[Platform][Model Runner] Add hash of request_ids; Change blocksize back to 128. (#293)

This PR changes the initial value of blocksize back to 128 and adds hash value of request id list in model runner for implementing sampling param cache in sampler. Signed-off-by: hw_whx <wanghexiang7@huawei.com> Co-authored-by: hw_whx <wanghexiang7@huawei.com>
2025-03-11 18:50:28 +08:00
parent 007aeaa48b
commit feb6bdb12e
2 changed files with 6 additions and 2 deletions
--- a/vllm_ascend/worker/model_runner.py
+++ b/vllm_ascend/worker/model_runner.py
@@ -1061,6 +1061,11 @@ class NPUModelRunner(NPUModelRunnerBase[ModelInputForNPUWithSamplingMetadata]):
                # TODO (cmq): enable this after supported in vllm
                # pad_for_invariant_seq_len=True,
            )
+            # Get hash value of request id list to perform sampling param cache in sampler.

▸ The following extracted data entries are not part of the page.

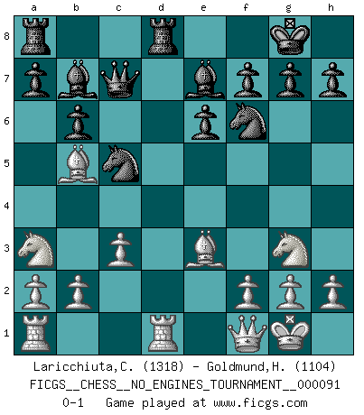 Last move : 0-1 2017 August 27 17:34:50 [Event "FICGS__CHESS__NO_ENGINES_TOURNAMENT__000091"] [Site "FICGS"] [Date "2017.05.15"] [Round "1"] [White "Laricchiuta,Claudio"] [Black "Goldmund,Heike"] [Result "0-1"] [WhiteElo "1318"] [BlackElo "1104"] 1.e4 d5 2.Nf3 dxe4 3.Ng5 Nf6 4.Bc4 e6 5.Qe2 Bc5 6.c3 b6 7.d4 Be7 8.Nxe4 Nbd7 9.O-O Bb7 10.Ng3 c5 11.Be3 Qc7 12.Rd1 O-O 13.Na3 Qc6 14.Qf1 Rfd8 15.Bb5 Qc7 16.dxc5 Nxc5 0-1 This chess game has been lost on time (started : 2017.05.15 3:1:57) Scandinavian (centre counter) defense Kingside Castling by player White (move 9) Kingside Castling by player Black (move 12) Player Black won this chess game. Follow this game move after move (download)If your opponent offers you a draw, try to work out why he thinks he's worse off. (Nigel Short) Als er Schachweltmeister wurde ließ er praktisch alle stärksten Sovietspieler für sich arbeiten. Wenn ein auch nur mittelmässiger Meister ein Spezialist für eine bestimmte Eröffnung war, wurde er von Karpov gerufen. Das wurde alles geheim gehalten. (Mikhail Moiseyevich Botvinik) Cuando tu casa esta en llamas, no puedes ser molestado por tus vecinos. O, como decinos en Ajedrez, si tu Rey esta bajo ataque, no te preocupa perder un Peón del lado de la Reina. (Gary Kasparov) A chaque perte on perd un peu de soi. (Joël Lautier) Don't anthropomorphize computers - they hate it. (Anonymous)
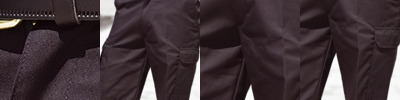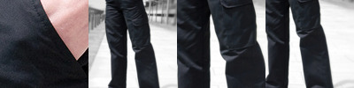 65% polyester/35% cotton. Traditional waistband - extendable at hip points.Belt loops.Zip fly with button over.Two side pockets.Rear concealed button pockets.Two side leg tear release cargo pockets.
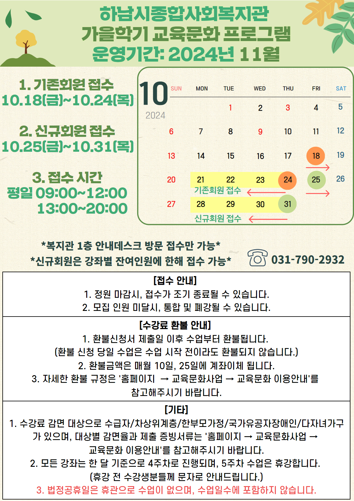 * 기존회원 접수: 10/18(금)~10/24(목)
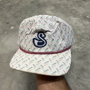 Swannies Golf Hat Cap One Size Snapback White Swan Logo Adjustable Pink Rope. Condition is Pre-owned - Good. Shipped with USPS Ground Advantage.
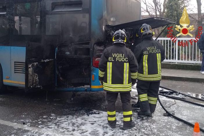 FOTO. Pullman prende fuoco, l'autista spegne le fiamme in tempo
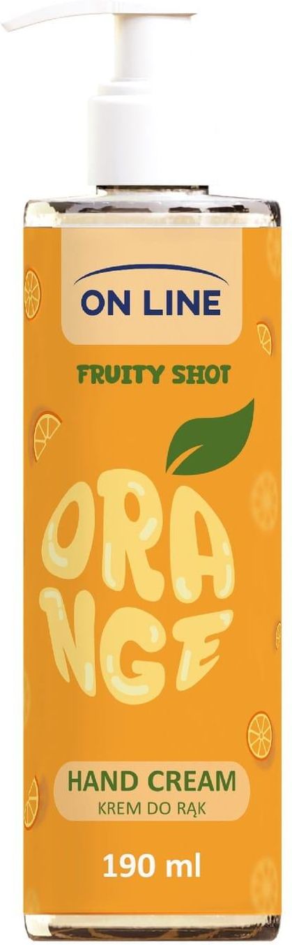 ON LINE Fruity Shot Krem do rąk Orange 190 ml FORTE SWEDEN SP. Z O.O. __________________________________________________________________ Krem do rąk On line Fruity Shot Pomarańcza bogaty w masło shea, roślinną glicerynę, a ekstrakt i olejek z pomarańczy zadba o Twoje dłonie , a zmysły otuli …

+            request_ids = model_input.request_ids_to_seq_ids.keys(  # type: ignore
+            )  # type: ignore
+            request_ids_hash = hash("".join(request_ids))
+            sampling_metadata.request_ids_hash = request_ids_hash  # type: ignore
        else:
            sampling_metadata = None
        is_prompt = (seq_group_metadata_list[0].is_prompt